Noise is bad for children

by Daniel Fink, MD, Chair, The Quiet Coalition

One of the nice things about doing a Google search is the serendipity of coming across something else.

I recently saw a mention of a World Health Organization statement that children shouldn’t be exposed to noise above 120 decibels, so I began searching for the source of that statement. While searching, I found this 2009 WHO PowerPoint presentation (pdf) about the adverse health effect of noise on children–not just hearing loss, but hypertension, increases in stress hormone levels, and difficulties learning, among a multitude of other adverse effects. Eventually, I found the 120 decibel recommendation in the WHO 1999 Community Noise Guidelines monograph.

It’s distressing that this information clearly has been known for so long–the pediatric noise hazards for almost a decade, the Community Noise Guidelines for almost two decades—and we still haven’t done anything to protect our children from noise.

With our first grandchild just born, I will renew my efforts to protect children and all people from the dangers of noise. I hope he grows up in a quieter world.
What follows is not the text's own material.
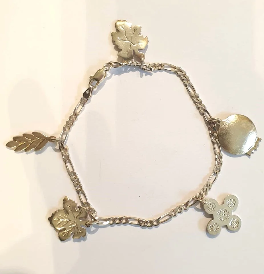 The bracelet features a beautifully balanced design, incorporating symbols of faith and abundance: a pomegranate, cross, grape leaf, and wheat, each representing tradition, spirituality, and prosperity.

Dr. Daniel Fink is a leading noise activist based in the Los Angeles area. He is the founding chair of The Quiet Coalition, an organization of science, health, and legal professionals concerned about the impacts of noise on health, environment, learning, productivity, and quality of life in America. Dr Fink also is the interim chair of Quiet Communities’s Health Advisory Council, and he served on the board of the American Tinnitus Association from 2015-2018.